Threads from scratch

"Multi-threaded" programming with assembly

October 24, 2024

This week I'm beginning to explore the daunting topic of concurrency, specifically in the context of multi-threaded programs. A thread is simply a string of instructions that shares the same address space and resources as other threads in the same program. Earlier we explored the concept of a processes, namely how an operating system can create, track and schedule many processes at once. Threads share many of the same principles, but operate within a single process. This means that we can spawn and run threads much quicker than processes. We don't need to copy address spaces and the file table (among other things).

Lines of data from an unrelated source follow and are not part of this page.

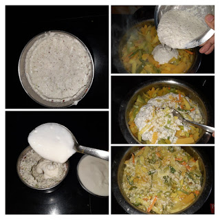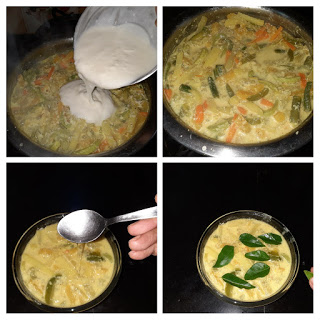 - While the veggies are cooking make your coconut, green chilli and curd paste. Grind it fine, add a little of the saved broth if required to make a smooth paste. Add this paste to the cooked vegetable and allow to cook for 2 mins. Keep stirring while it cools.
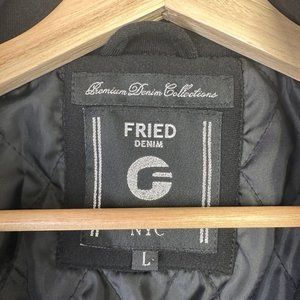 Fried Denim NYC Men’s Premium Black Fleece Biker Style Bomber Jacket Size Large
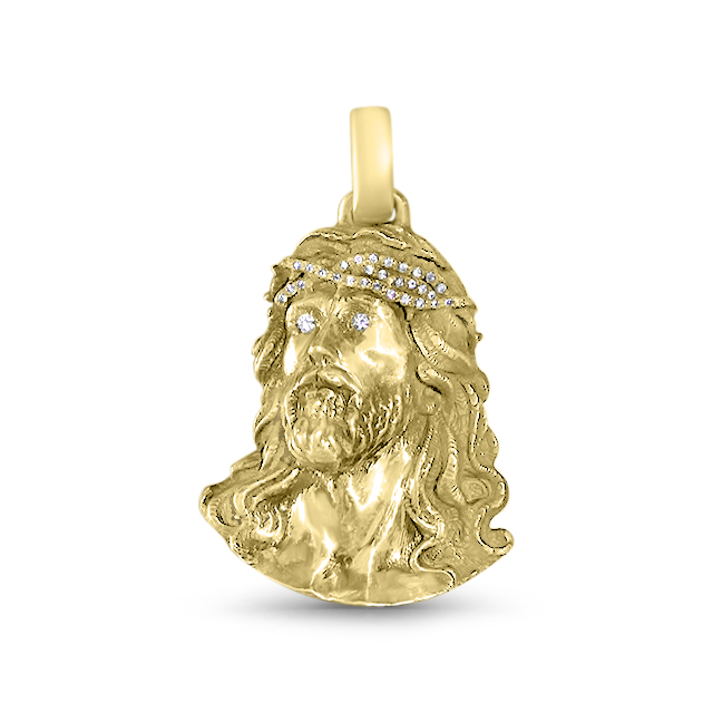 This glamorous Jesus face pendants, is crafted in solid yellow gold. Followed by pave’ set cubic zircons, with a large bale to fit your chain. Custom-made with diamonds is available upon request!
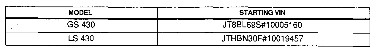 ^ 2001 model year GS 430 and LS 430 vehicles.
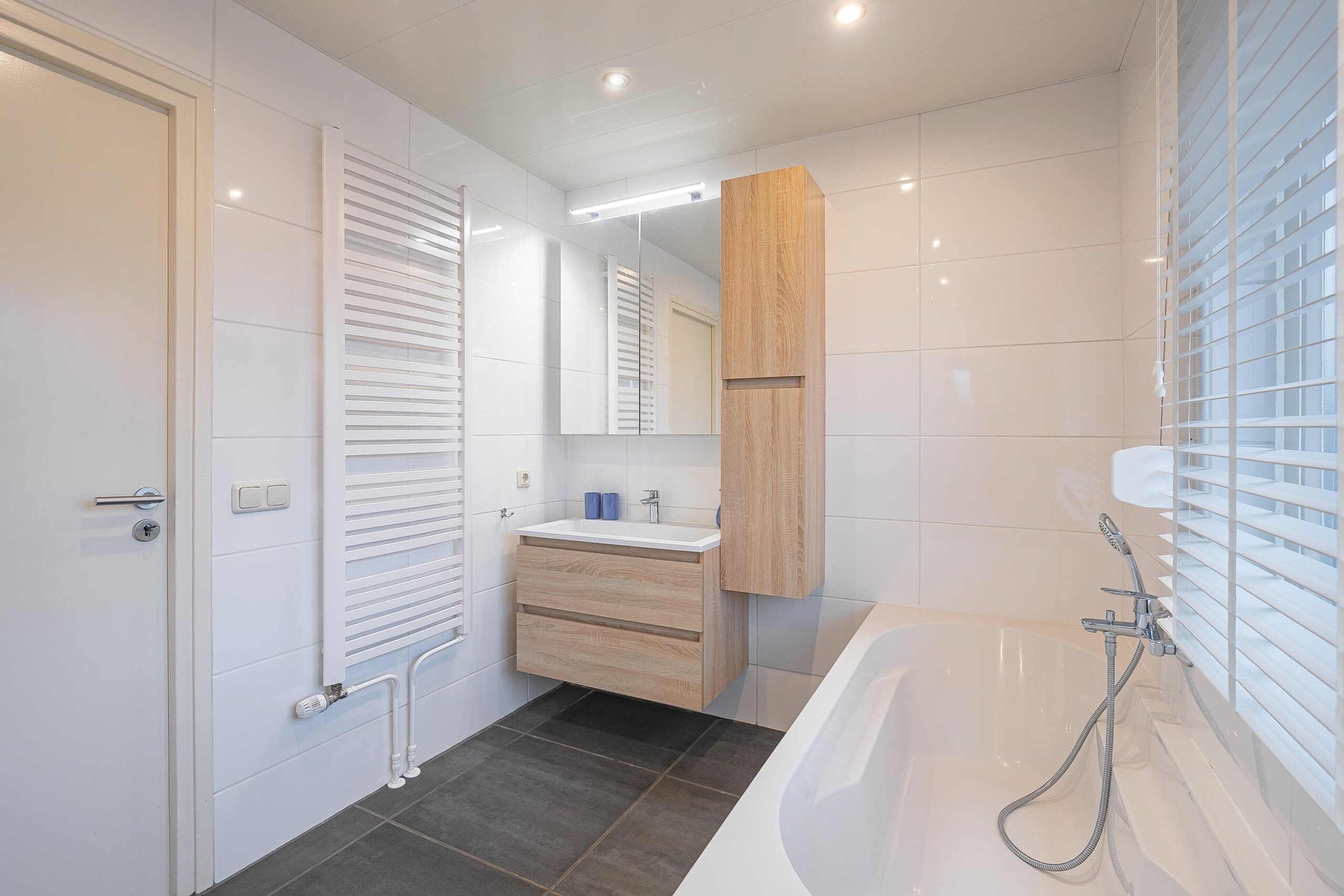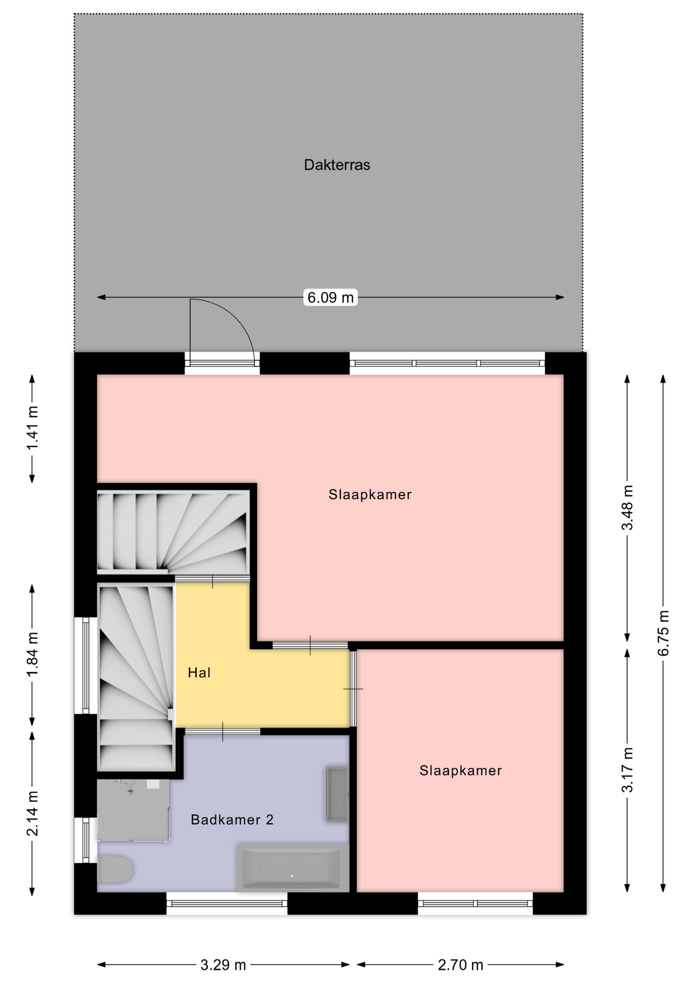 De overloop biedt toegang tot twee slaapkamers van circa 9 m² en 17 m², beide voorzien van rolluiken. De grootste slaapkamer, gelegen aan de achterzijde van de woning, heeft toegang tot het dakterras. Daarnaast bevindt zich op deze verdieping een tweede badkamer (circa 6 m²), voorzien van een ligbad, douche, toilet en wastafel. Vanuit de overloop leidt een vaste trap naar de zolderverdieping.

The POSIX standard library exposes an API for thread management (pthread). Today, I'd like to explore what system calls this library uses under the hood using some simple examples.

Inspecting system calls with `strace`

In order to figure out what system calls a multithreaded program makes we can use the strace tool. From the strace man pages we learn the following:

In the simplest case strace runs the specified command until it exits. It intercepts and records the system calls which are called by a process and the signals which are received by a process.

Ok, great. This will allow us to inspect some of the underlying system calls any program performs. Here's a really simple example of a C program that leverages the POSIX thread library:

1  #include <stdio.h>
2  #include <pthread.h>
3
4  typedef struct {
5 	 int a;
6	 int b;
7  } myarg_t;
8
9   void *mythread(void *arg) 
10  {
11	 myarg_t *args = (myarg_t *) arg;
12	 printf("Thread created\n");
13	 printf("%d %d\n", args->a, args->b);
14	 return NULL;
15  }
16  int main(int argc, char *argv[])
17  {
18	 pthread_t p;
19	 myarg_t args = { 10, 20 };
20	 int rc = pthread_create(&p, NULL, mythread, &args);
21	 return 0;
22  }

note: this example is sourced from OSTEP

Let's quickly go over this program before we inspect it with strace. On a basic level, this program makes a call to the pthread_create function (line 20). With man pthread_create we can see the function takes the following arguments:

A pointer to a pthread struct. We define this on line 18.
Some attributes of the thread we'd like to create (attr), but we leave this as NULL to go with the defaults.
The start_routine of the thread. Simply put, this is the function that the thread should call once initiated. In the program above this is mythread on line 9.
The argument to be passed to the function specified above.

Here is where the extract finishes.